Each mat file contains a 4096x1024 single precision matrix and initally each iteration of the loop takes approximately 1.5 seconds. I have tested this with 806 mat files ( 12.5GB taking ~25 minutes ) but I would like to apply this to potentially millions of these files and I am interested in finding a workflow and data container that would allow me to import new data and query subsets of the time series quickly.

Would it be possible using dask or another tool to speed up this import process and create a single queryable time series?

for rot_file in rotation_files:
    print(rot_file)
    time_stamps = pd.DataFrame(scipy.io.loadmat(rot_file)['LineInfo'][0][0][2][0])
    polar_image = pd.DataFrame(scipy.io.loadmat(rot_file)['PolarImage'])
    polar_image = polar_image.transpose()
    polar_image.index = time_stamps[0].apply(convert_to_python_datetime).values
    rot_id = time_stamps[0]
    rot_id_df = pd.DataFrame(len(polar_image)*[rot_id],columns=['rotation_id'], dtype='category')
    rot_id_df.index = polar_image.index
    polar_image.join(rot_id_df)
    polar_image.columns = [str(col_name) for col_name in polar_image.columns]
    polar_image.to_hdf('rot_data.h5', 'polar_image', format='table', append=True, complib='blosc', complevel=9)

It seems like the import should be possible using dask.delayed but I am not sure how this can be written to a single hdf file.


Solution

  • In order to query the data, you don't need to write to a data format explicitly supported by dask.

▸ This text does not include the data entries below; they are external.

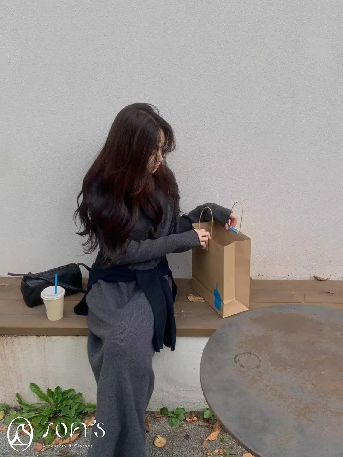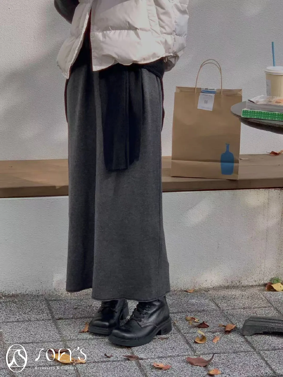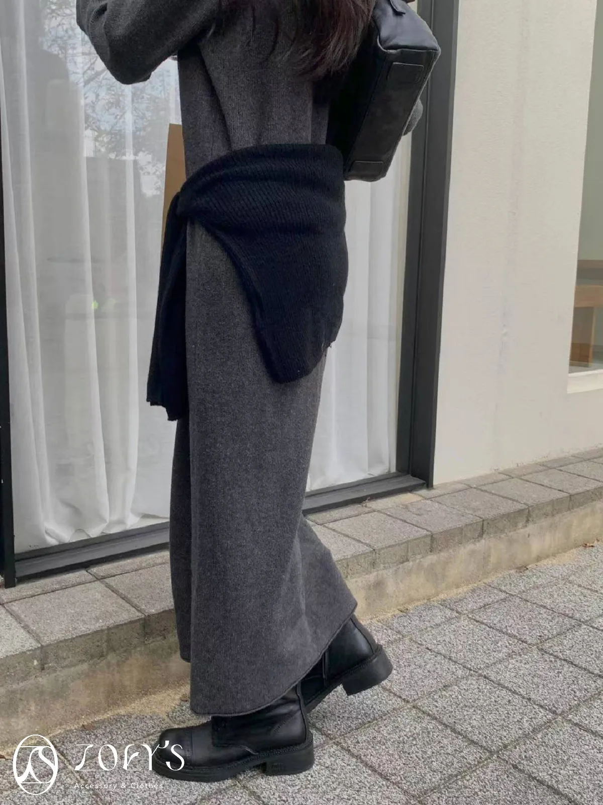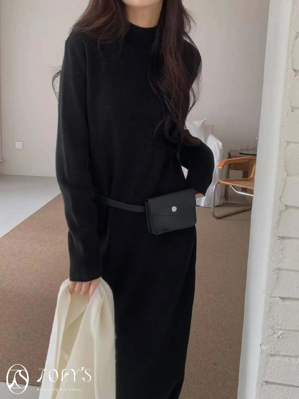 正韓 小立領羊毛連身長洋裝 黑/米/深灰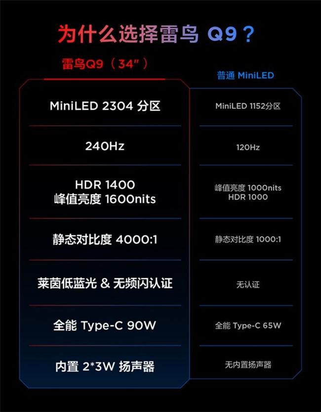在当前3000-4000元价位段,电竞显示器市场存在明显产品断层:传统品牌产品多以牺牲画质换取高刷新率,而高端产品价格则居高不下。雷鸟34Q9以3999元的定价,精准切入这一市场空档,通过2304分区Mini LED背光+HVA面板的差异化组合,实现了"越级配置与合理价格"的完美平衡。
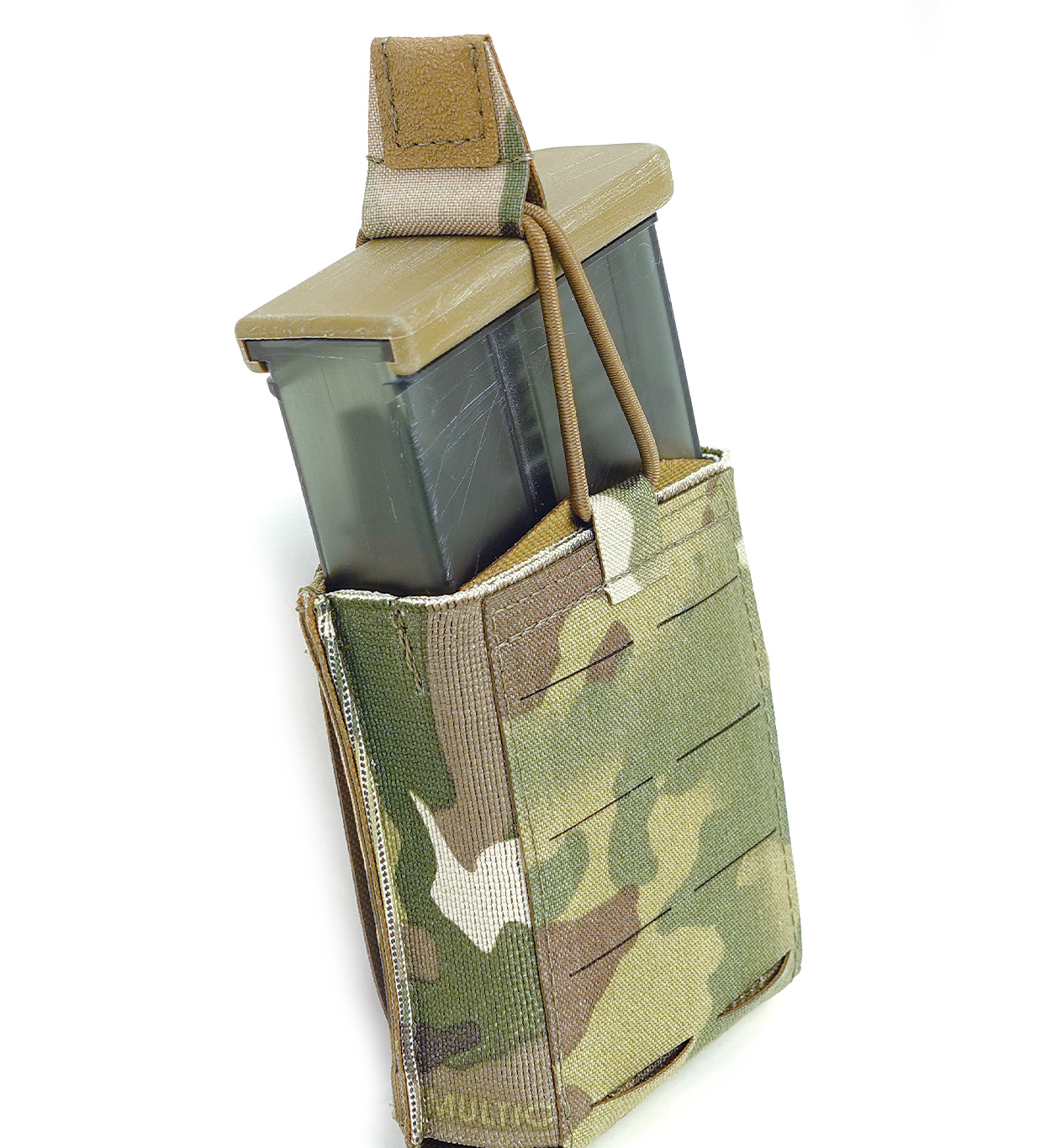 ポーチ本体は伸縮性の高い2枚のゴム素材で構成されており、引っ掛かりの多い形状のHK417/G28弾倉を抜き差し容易な仕様となっている。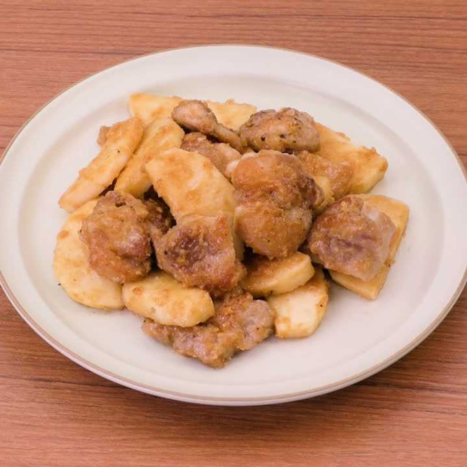 フライパンにサラダ油を入れて中火で熱し、鶏肉の皮目を下にして入れて焼き色がつくまで焼いて裏返す。肉に火が通るまでさらに2〜3分焼く。長芋を加えて火が通るまで炒める。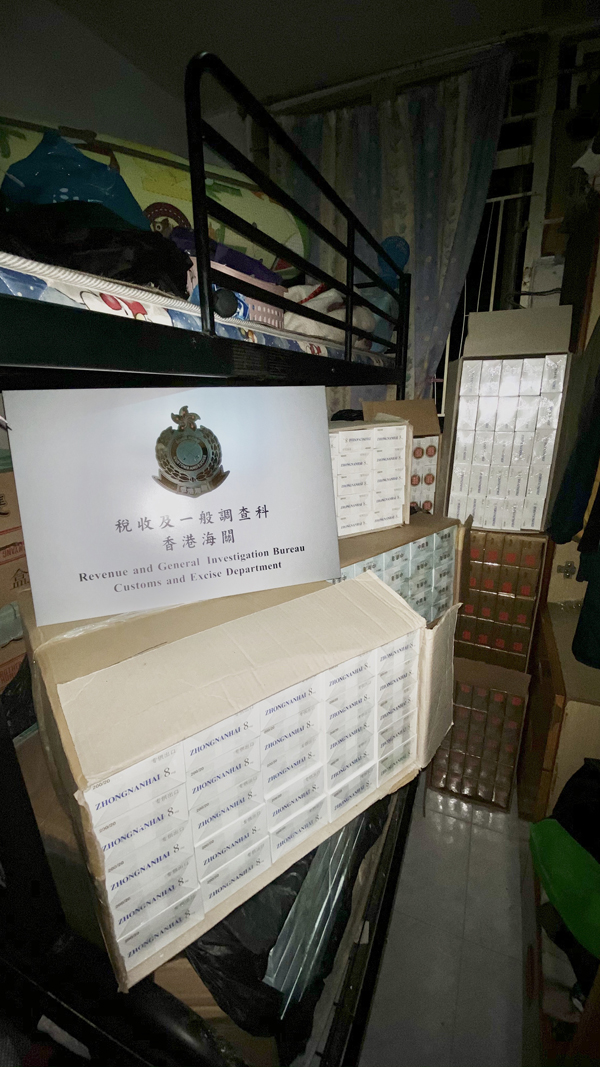 海關在香港仔一個公屋單位內檢獲的懷疑私煙。

You could define your dataframe as follows:

    def mat_to_dataframe(rot_file):
        time_stamps = pd.DataFrame(scipy.io.loadmat(rot_file)['LineInfo'][0][0][2][0])
        polar_image = pd.DataFrame(scipy.io.loadmat(rot_file)['PolarImage'])
        polar_image = polar_image.transpose()
        polar_image.index = time_stamps[0].apply(convert_to_python_datetime).values
        rot_id = time_stamps[0]
        rot_id_df = pd.DataFrame(len(polar_image)*[rot_id],columns=['rotation_id'], dtype='category')
        rot_id_df.index = polar_image.index
        polar_image.join(rot_id_df)
        polar_image.columns = [str(col_name) for col_name in polar_image.columns]
        return polar_image
    
    from dask import delayed
    import dask.dataframe as dd
    
    parts = [delayed(mat_to_dataframe)(fn) for fn in matfiles_list]
    df = dd.from_delayed(parts)
    

    This is a "lazy" data-frame: you can apply pandas-like computations to it, but these only execute when you call .compute(). If the matload process holds the python GIL, then I would recommend using the distributed scheduler (even on a single machine) client = dask.distributed.Client().

    If you can know the timestamps of each section a priori, then you can also provide divisions= to from_delayed, which means that if your queries have filters on the index, then dask will know which files don't need to be loaded.

    If the process to load is slow, and you want a faster format to query from, try df.to_hdf or df.to_parquet. Each have several options that will affect your performance.

    Note that time_stamps[0].apply(convert_to_python_datetime).values can probably be achieved faster using pd.to_datetime(time_stamps[0]).